1 - The Alignment Gap

The alignment gap

Introduction

Welcome to the new and shiny blogpost section of this website! I decided to use this space as an informal personal diary, collecting resources for my future projects. For the sake of my sanity I’ll keep the blog simple, with minimal structuring and treating it as a flow of conscience space. I’ll also disable AI while writing - so any mistake is on me! 😉

This first post discusses what I call the “AI alignment gap”. As of today we are starting to see the early signs of AI use diverging from its original goal. Instead of helping humanity to advance, we are running into the risk of creating systems that could behave against our interests, both willingly and unwillingly. We are constantly seeing new embodied autonomous agents being produced and platforms where they can collaborate with each other without supervision.
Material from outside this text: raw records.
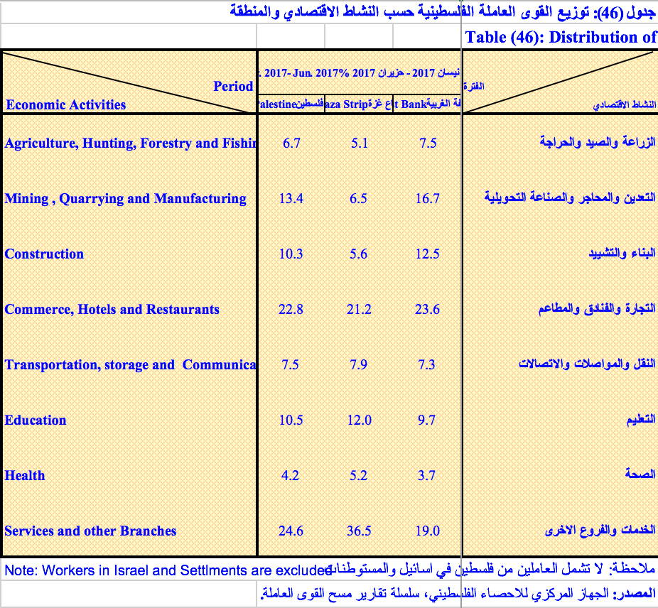 ولا يشمل توزيع العمال الفلسطينيين العاملين في الداخل المحتل والمستوطنات من حملة التصاريح أو الهوية الزرقاء، والذين وصل عددهم خلال الربع الثاني من عام 2017، إلى 128,400 ألف عامل، يضاف إليهم عمال يعملون دون تصاريح، وفلسطينيون يحملون تصاريح تجار واحتياجات خاصة لأغراض العمل.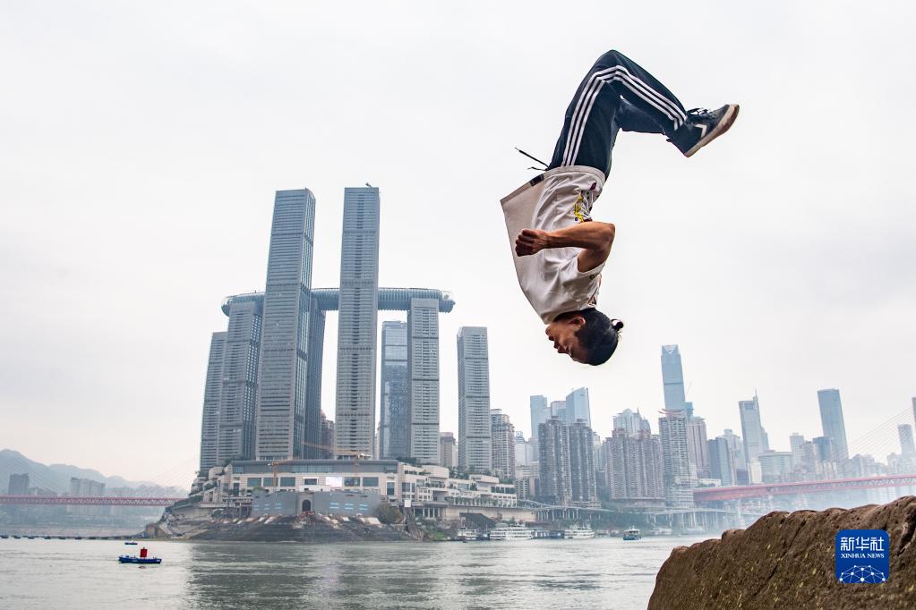 2023年4月21日,重慶躍飛跑酷隊(duì)員文舜堯在重慶朝天門對(duì)岸的江灘上展示跑酷動(dòng)作。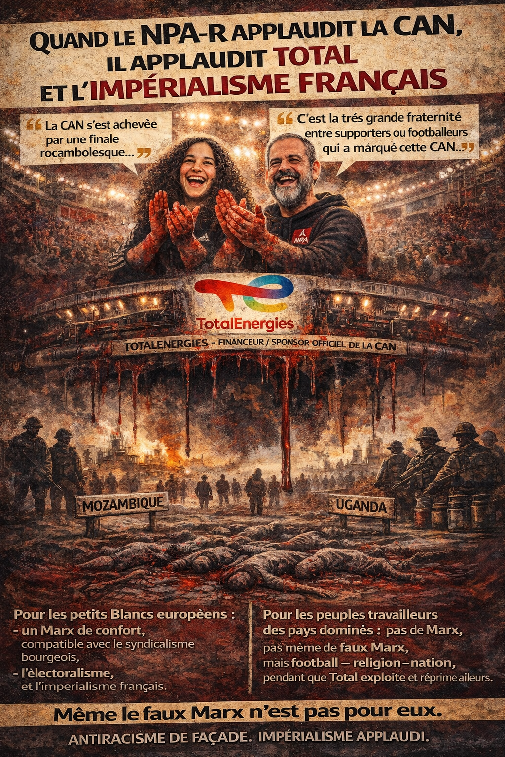 Pour les élections Municipales, n’hésitons pas à traduire en images les convictions des porte-parole du NPA-R Selam Labib et Gaël Quirante, qui porte-parole de l’aristocratie ouvrière française, ont su remercier Total pour le spectacle de la CAN :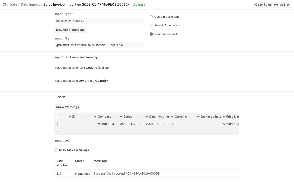 This guide explains how to import existing Sales Invoice records from a legacy system into ERPNext using the Data Import Tool.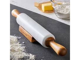 MARBLE ROLLING PIN & HOLDER SET - Roll out dough then store your pin safely with the Marble Rolling Pin & Holder Set. The weight of this beautiful rolling pin does the work for you, and the smooth surface keeps dough cool and prevents it from sticking to the barrel. The holder keeps your pin safe on the countertop or in a cabinet.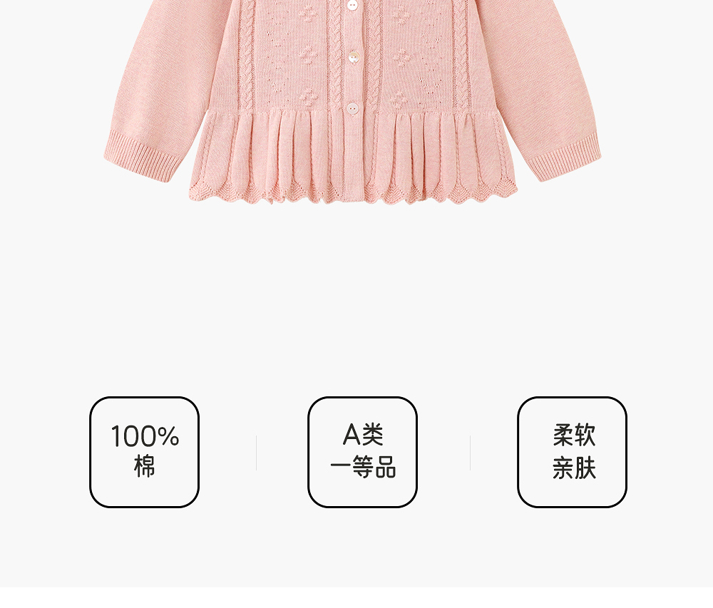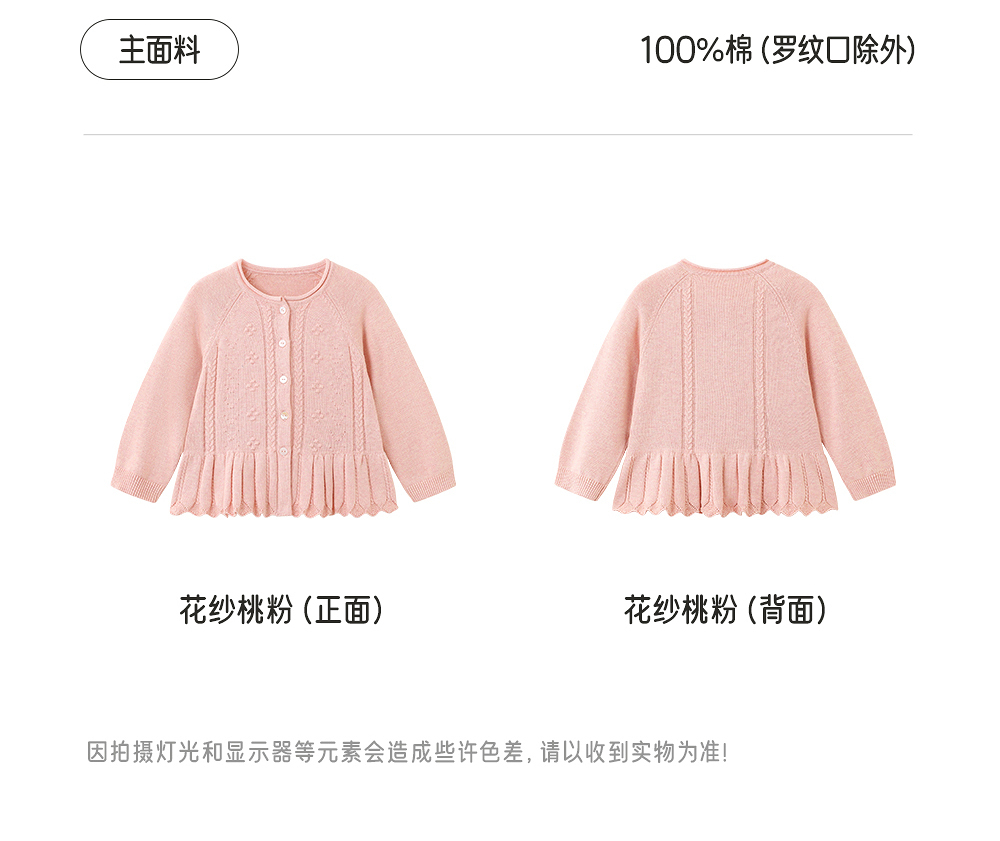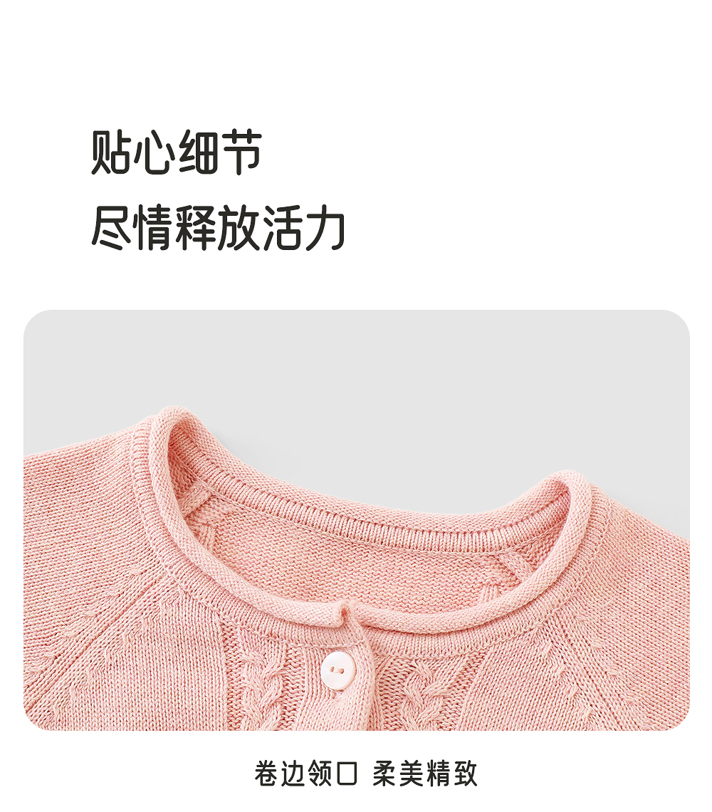 【商场同款】英氏儿童外套春秋季保暖薄外套女童毛衫针织纯棉毛衣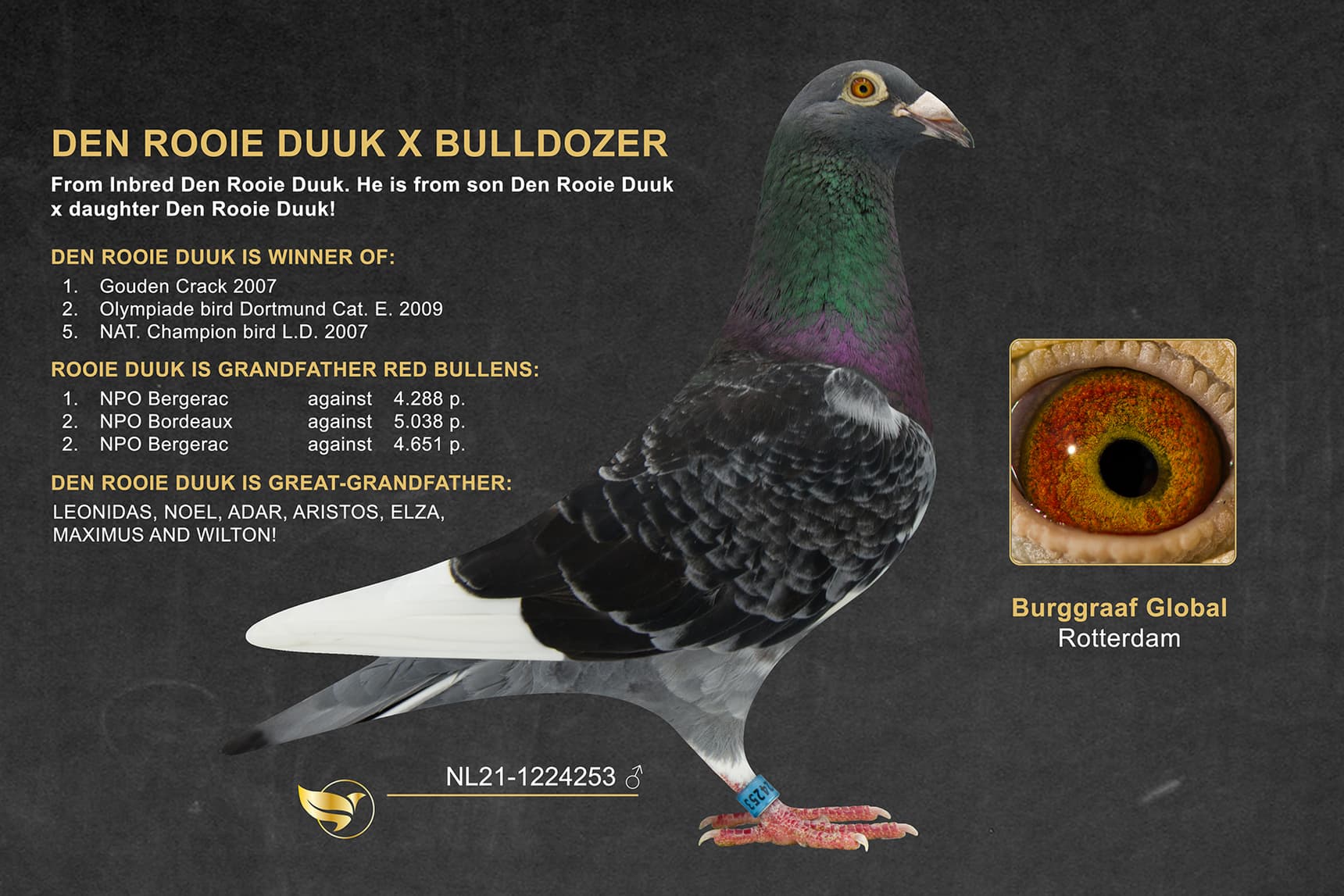 Specially from the breeding loft of Burggraaf Global. This pigeon has not been raced!

The question is then natural: how can we ensure that we don’t end up like Sarah Connor in Terminator? But more importantly, how do we take concrete and effective steps that go beyond just saying “AI is bad, we should limit its development”?

https://screenrant.com/terminator-logic-memes-funny/

The starting point - what we have

When I first started to reflect on this question I quickly realised I knew very little about AI safety as a whole. While I had recently co-authored a chapter on a Video and Motion Unlearning as a potential countermeasure (see TBA), my knowledge of the topic is still limited. As such, I opted to create this section to recap what I know, dig deeper into suggestions from colleagues (thanks Matteo M!) and keep track of resources I collect during this research.

The big voices — This paragraph discusses the work that was put out by people much smarter than I am in regards of creating actual AI safety guidelines. Of the top of my head, I can already mention is the AI act from the European Union.